» About this exercise
Set the listing down again in full, word for word, with the pictures left out.

» Information shown
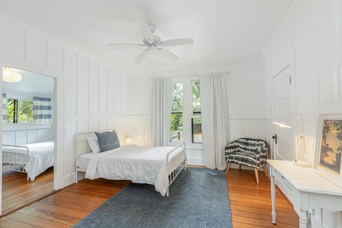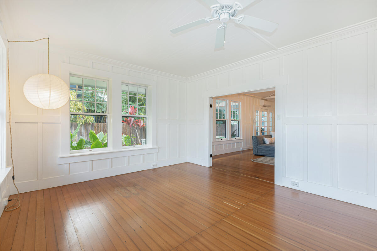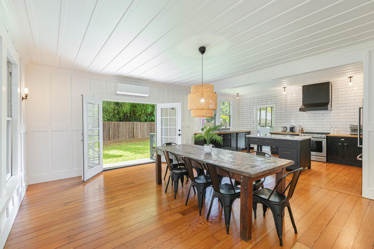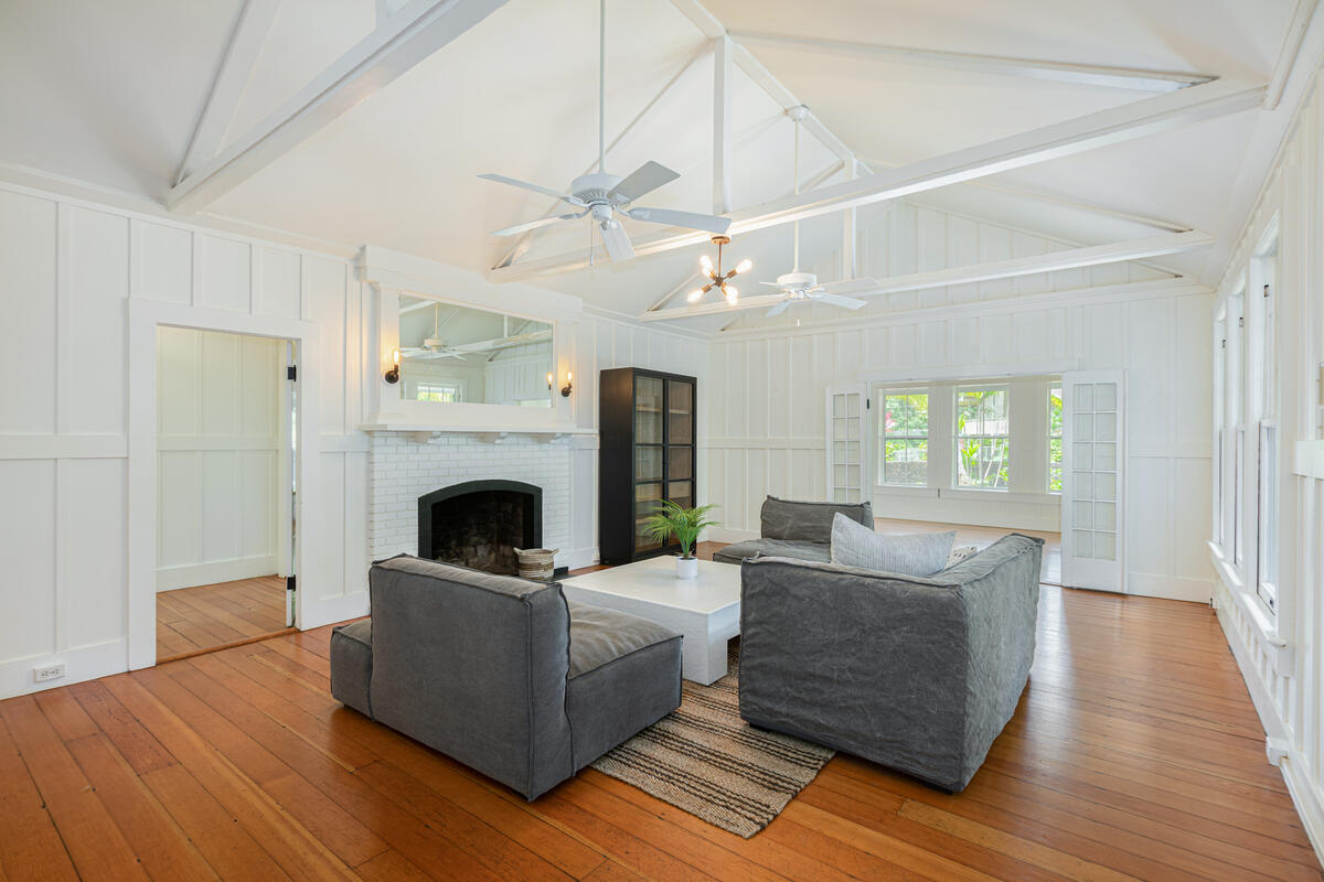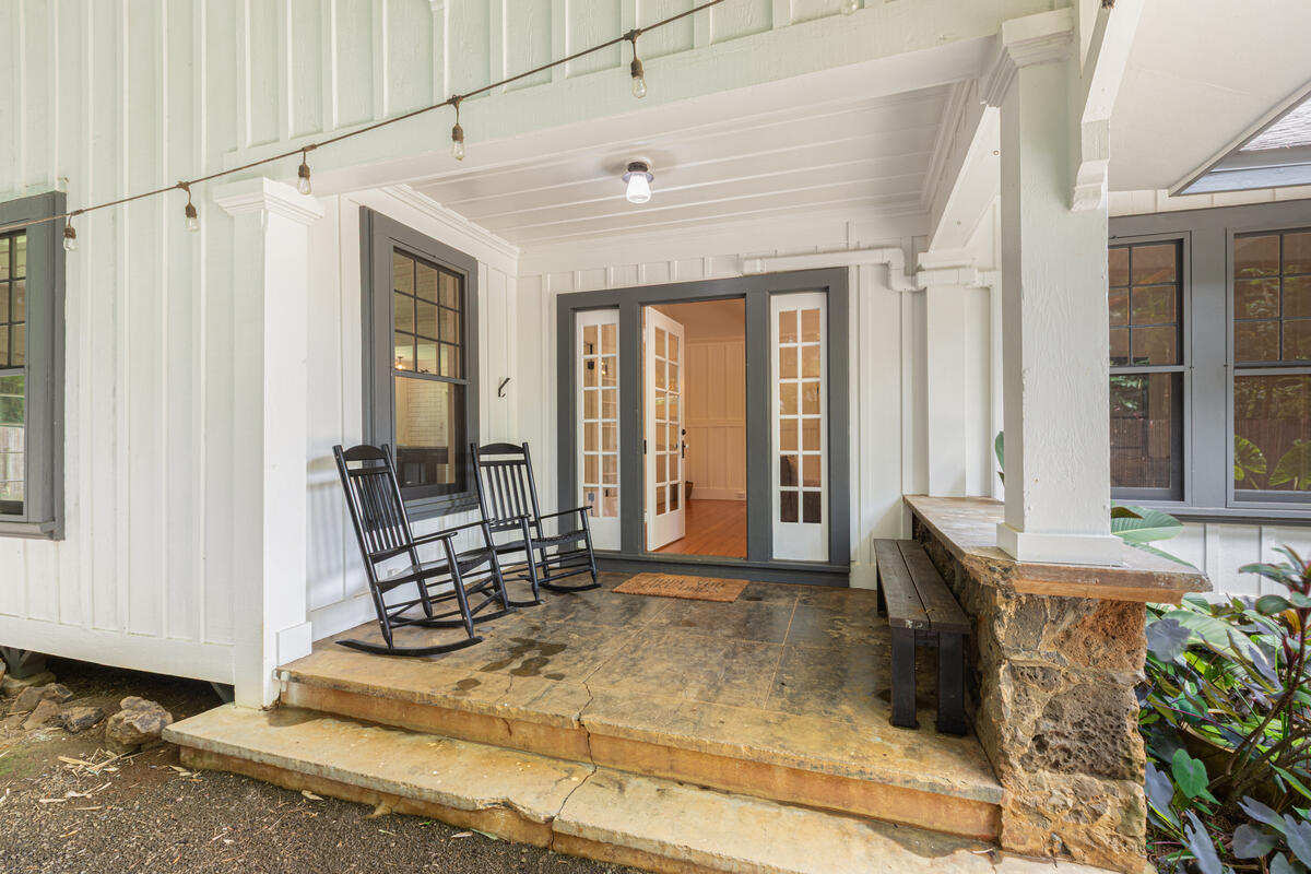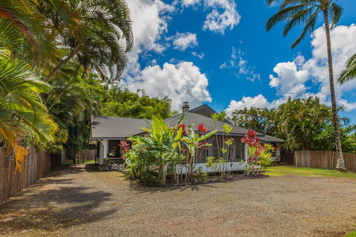 Welcome home to this beautifully updated Kilauea gem! Originally built in 1920, this home seamlessly blends the charm and craftsmanship of yesteryear with the modern amenities you know and love. Nestled in a peaceful neighborhood, you’ll enjoy the perfect balance of privacy and convenience–just a short stroll to Kilauea School and town, yet tucked away from busy streets. This spacious 3-bedroom, 2-bath home offers thoughtful details throughout. The third bedroom includes an additional flex room–ideal for a home office, playroom, or guest space. The large, open kitchen is perfect for cooking and entertaining, while the sunroom and inviting living room with open-beam ceilings offer warm and airy gathering spaces. Recent upgrades include a custom rock wall and bamboo fencing, enhancing both security and privacy–great for children and pets, spit A/C units in the living room, kitchen and 2 out of 3 bedrooms, as well as a new washer and dryer. With soaring ceilings throughout and a home that has been truly loved and cared for, this is a rare opportunity to own a piece of Kilauea’s history with all the comforts of modern living. Don’t miss your chance to make this special home yours. Property is large enough to allow for an ADU. Buyers and their agents to check with the county on building restrictions and all due diligence. Vacant and easy to show
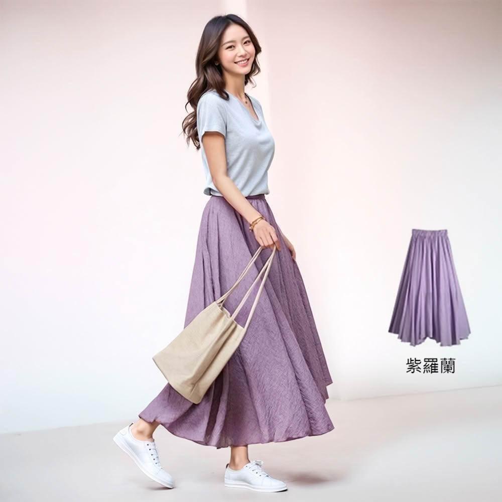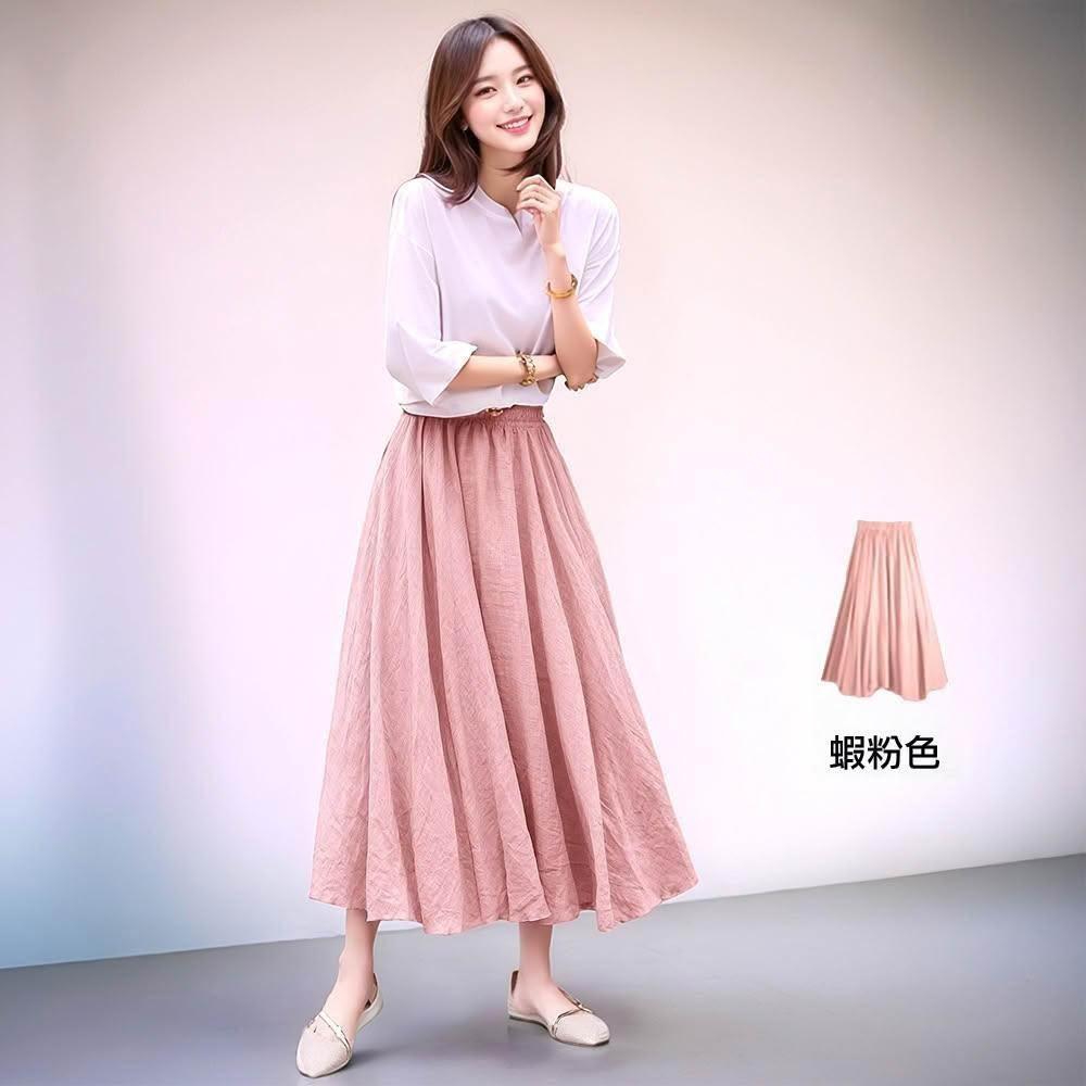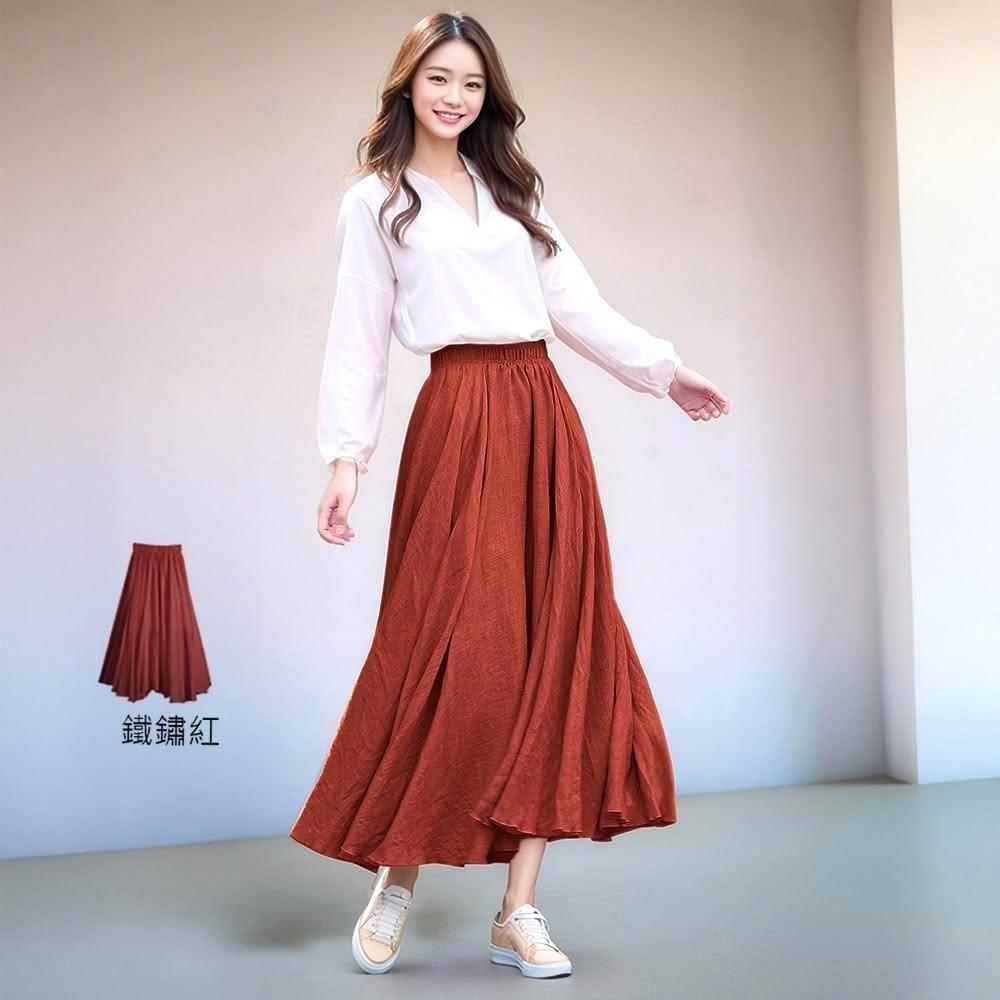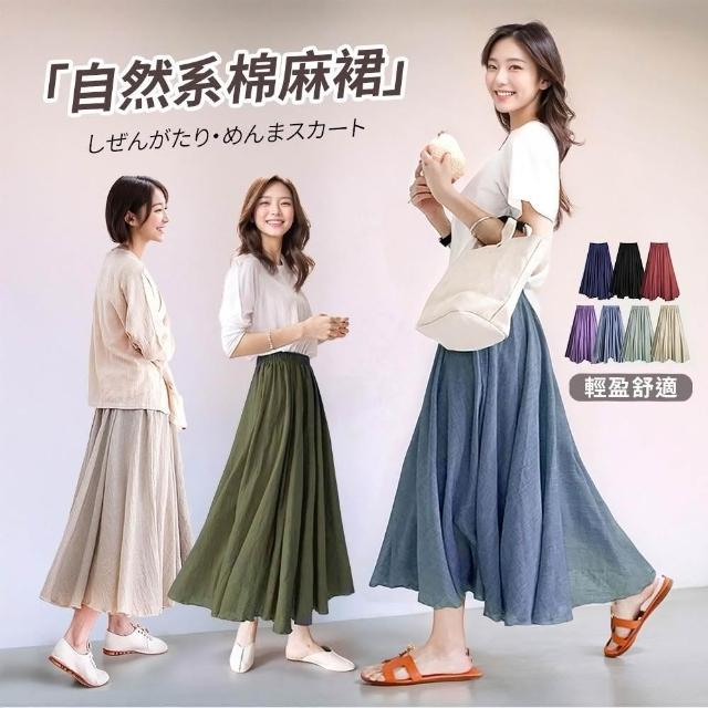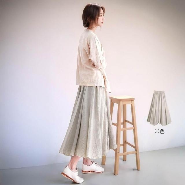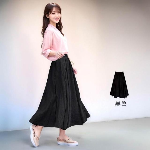 Amore百搭輕柔舒適飄逸氣質亞麻裙 日系長裙 a字長裙 亞麻 裙子 褲裙長裙 a字裙 黑色長裙 女生長裙
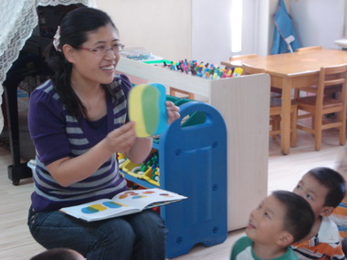 妈妈来到幼儿园给九游讲《小蓝和小黄》,还准备了充足的材料
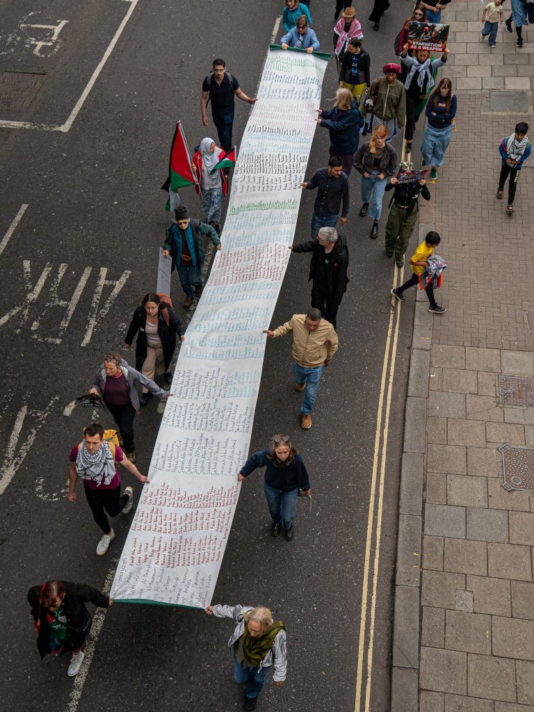 ‘Stop starving Gaza’ was on a banner at the front of the march while the names of hundreds of children killed had been written on sheets of paper carried by protesters.

» Finished exercise
 Welcome home to this beautifully updated Kilauea gem! Originally built in 1920, this home seamlessly blends the charm and craftsmanship of yesteryear with the modern amenities you know and love. Nestled in a peaceful neighborhood, you’ll enjoy the perfect balance of privacy and convenience–just a short stroll to Kilauea School and town, yet tucked away from busy streets. This spacious 3-bedroom, 2-bath home offers thoughtful details throughout. The third bedroom includes an additional flex room–ideal for a home office, playroom, or guest space. The large, open kitchen is perfect for cooking and entertaining, while the sunroom and inviting living room with open-beam ceilings offer warm and airy gathering spaces. Recent upgrades include a custom rock wall and bamboo fencing, enhancing both security and privacy–great for children and pets, spit A/C units in the living room, kitchen and 2 out of 3 bedrooms, as well as a new washer and dryer. With soaring ceilings throughout and a home that has been truly loved and cared for, this is a rare opportunity to own a piece of Kilauea’s history with all the comforts of modern living. Don’t miss your chance to make this special home yours. Property is large enough to allow for an ADU. Buyers and their agents to check with the county on building restrictions and all due diligence. Vacant and easy to show
 Amore百搭輕柔舒適飄逸氣質亞麻裙 日系長裙 a字長裙 亞麻 裙子 褲裙長裙 a字裙 黑色長裙 女生長裙
 妈妈来到幼儿园给九游讲《小蓝和小黄》,还准备了充足的材料
 ‘Stop starving Gaza’ was on a banner at the front of the march while the names of hundreds of children killed had been written on sheets of paper carried by protesters.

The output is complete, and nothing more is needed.